Roles in the ATLAS Database

Access and modification privileges on the database are granted via the standard NICE login on the basis of your assigned role. The following roles have been defined:

  • USER: normal access rights, you can only see your full record.
  • Institute Representative: this role is assigned to the Team Leader and, on request by the TL, to the deputies. Institute Representatives have access to the full information of all members in their Institute. Any change of TL and/or deputy should be notified to the ATLAS Secretariat so the roles can be assigned correctly.
  • Institute Secretariat: same privileges as the Institute Representative; can be assigned to administrative personnel at the Institute who help keeping the records updated, provided they have a NICE login. Requests should be addressed to the ATLAS Secretariat.
  • Institution Representative: this role is assigned to the representative of an Institution, and ensures full access to all the members of the Institutes in the corresponding cluster.
  • National Contact Physicist: has access to records for all members of Institutes in the corresponding country and can change the affiliation of members among institutes in the country.
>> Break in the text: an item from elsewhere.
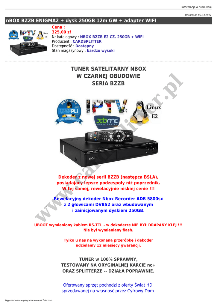 Informacje o produkcie Utworzono 06-03-2017 nBOX BZZB ENIGMA2 + dysk 250GB 12m GW + adapter WIFI Cena : 325,00 zł ar d sp lit te r TUNER SATELITARNY NBOX W CZARNEJ OBUDOWIE SERIA BZZB .p l Nr katalogowy : NBOX BZZB E2 CZ. 250GB + WiFi Producent : CARDSPLITTER Dostępność : Dostępny Stan magazynowy : bardzo wysoki w .c Dekoder z nowej serii BZZB (następca BSLA), posiadający lepsze podzespoły niż poprzednik. W tej samej, rewelacyjnie niskiej cenie !!! w w Rewelacyjny dekoder Nbox Recorder ADB 5800sx z 2 głowicami DVBS2 oraz wbudowanym i zainicjowanym dyskiem 250GB. UBOOT wymieniony kablem RS-TTL - w dekoderze NIE BYŁ DRAPANY KLEJ !!! Nie był wymieniany flash. Tylko u nas na wykonaną przeróbkę i dekoder udzielamy 12 miesięcy gwarancji. TUNER w 100% SPRAWNY, TESTOWANY NA ORYGINALNEJ KARCIE nc+ ORAZ SPLITTERZE -- DZIAŁA POPRAWNIE. Oferowany sprzęt pochodzi z oferty Świat HD, sprzedawanej na własność przez Cyfrowy Dom. Wygenerowano w programie www.oscGold.com Dekodery są odnowione i sprzedawane z gwarancją 12 miesięcy na własność. W każdym tunerze standardowo zostały wymienione kondensatory na zasilaczu i głowicy. sp lit te r .p l Dekoder posiada lepszy wyświetlacz niż ten z serii BSKA, ma podwójną głowicę, lepszą jakość oraz wbudowany i zainicjowany dysk 250GB, dzięki czemu dekoder zyskuje funkcje PVR i Timeshift. TUNER POSIADA DYSK 250GB. Na panelu przednim tunera logo "N" lub "NC+". ar d Na obudowie mogą znajdować się mało widoczne ślady użytkowania. w .c Zobacz tuner w 3D w w Gratis adapter WiFi firmy ABCOM (dedykowany do dekoderów CRYPTOBOX) sp lit te r .p l Informacje o produkcie Specyfikacja adaptera WiFi: ● ● ● Bezprzewodowe połączenie z odbiornika z sieci LAN Prędkość 150 Mbps, częstotliwości 2,4 GHz Standard IEEE 802.11 b/g/n Antena do poprawy odbioru słabego sygnału ar d ● Zestaw zawiera: ● ● w w ● Tuner satelitarny Nbox 5800 BZZB z dyskiem 250GB NOWY Zasilacz NOWY Pilot NC+ (tzw. "grubasek") Adapter WiFi w .c ● ENIGMA JEST WGRANA DO PAMIĘCI NAND, CZYLI WEJŚCIE USB MAMY WOLNE, A CO ZA TYM IDZIE, MOŻNA PODŁĄCZYĆ PENDRIVE, KARTĘ WIFI LUB TUNER TELEWIZJI NAZIEMNEJ DVB-T. Wygenerowano w programie www.oscGold.com Tunery pochodzą z serwisu NC+ i są przez ten serwis odnowione. Jednak sporadycznie mogą posiadać delikatne, praktycznie nie zauważalne ślady użytkowania. sp lit te r .p l DEKODER ZOSTAŁ PRZEPROGRAMOWANY BEZINWAZYJNIE, WIĘC MA ORYGINALNĄ PAMIĘĆ FST. Enigma2_OpenPLI v.8.6.0 NAND: ● ● ● ● ● w .c ● DMnapi, Dream-Explorer, EPGRefresh, IPTV Player, dj crash settings downloader, Open Webif (dzięki temu pluginowi nbox zamienia się w domowe centrum rozrywki), InfinityHD Controler ar d ● Tuner dzięki zainstalowanym systemom operacyjnym i dodatkowym wtyczkom staje się DOMOWYM MULTIMEDIALNYM CENTRUM ROZRYWKI. ● ● ● ● ● ● ● ● ● ● w w Mamy wiele możliwości: odtwarzanie plików video poprzez złącze USB ( filmy DiViX ,MKV , AVI , muzyka MP3, przeglądanie zdjęć), nagrywanie na wbudowany dysk HDD 250GB lub na pendrive poprzez złącze USB, możliwość odczytu nagranych audycji na komputerze, radio internetowe, podgląd online wyników większości lig piłki nożnej, funkcja przesunięcia w czasie tzw. timeshift oraz możliwość nagrywania i odtwarzania oglądanych audycji, nagrywanie z EPG i Timera oraz w standby, 2 głowice DVBS2 pozwalają na jednoczesne oglądanie jednej audycji i nagrywanie innej na dysk dekodera, dowolna edycja list kanałów zarówno za pomocą pilota jak i programem Dreambox Edit ( po sieci LAN lub wifi ), ilość kanałów bez ograniczeń, komunikacja sieciowa LAN oraz wifi ( wymaga karty wifi podpinanej na USB chipset RT3070, RT5370 ), Informacje o produkcie ● ● ● ● ● ● ● ● ● ● czytnik kart uniwersalny i wielosystemowy - akceptuje każdą kartę kodową nieparowaną systemowo, np. Cyfra+ , TNK SD , SMART HD , karty erotyczne... możliwość sparowania karty kodowanej w systemie np. conax , nagravision, szybka zmiana wyglądu menu dekodera za pomocą pluginów ( skórek ), nieograniczona ilość aplikacji dostępnych po sieci internetowej w menu dekodera w dziale pluginy, możliwość oglądania kanału TV na komputerze tzw. "streaming" (można poprzez router skonfigurować sobie własne stacje tv do oglądania w pracy), wbudowana karta sieciowa, a po podłączeniu karty na usb możliwość używania sieci bezprzewodowej, ściąganie napisów do oglądanych filmów, możliwość odtwarzania filmów znajdujących się na innym komputerze za pomocą sieci LAN lub wifi, samodzielne ustalanie prędkości obrotu wentylatora z poziomu menu dekodera, wyświetlacz VFD pokazuje nazwę oglądanego kanału, rewelacyjna jakość obrazu oglądanych kanałów zarówno HD jak i SD oraz menu OSD dekodera, ● ● ● ● ● podłączamy pendrive z oprogramowaniem, naciskamy przycisk zasilania na panelu przednim dekodera i trzymamy wciśnięty, włączamy dekoder do prądu, na wyświetlaczu pojawi się napis "PROG", wtedy puszczamy przycisk, na koniec wgrywania pojawi się napis "OK", odpinamy pendrive i resetujemy dekoder zasilaniem. ar d ● sp lit te r Aktualizacja oprogramowania poprzez USB w sposób bardzo intuicyjny i prosty: .p l ● w w w .c Wpisując IP nboxa w przeglądarkę sterujesz nim i oglądasz programy na swoim komputerze, Ipad lub smartfonie. Wygenerowano w programie www.oscGold.com W razie jakichkolwiek pytań pisz na adres [email protected] lub dzwoń pod numer 531-666-888

Hints for keeping the information in the database correct and up to date are provided on the InstituteRepsChecklist page.

Some hints for the use of the Glance interface may be found below:

  • Normal users can only see their own record and modify a few personal fields - among them the LaTeX First Name, LaTeX Last Name and Initials which are used to generate the names appearing in the author list, and the activities for each employment record.

  • Institute Representatives can see the full record of all people in their group, and can modify their information, including the start and end date of their contract and their profession (student, physicist, engineer). In case a person has changed profession while being at the same Institute, the IR should close the record and open a new one with the new profession.

  • Institution Representatives have the same rights as above, but for all the members belonging to Institutes in their cluster. Country Representatives have the same rights as above, but for all the members belonging to Institutes in their countries.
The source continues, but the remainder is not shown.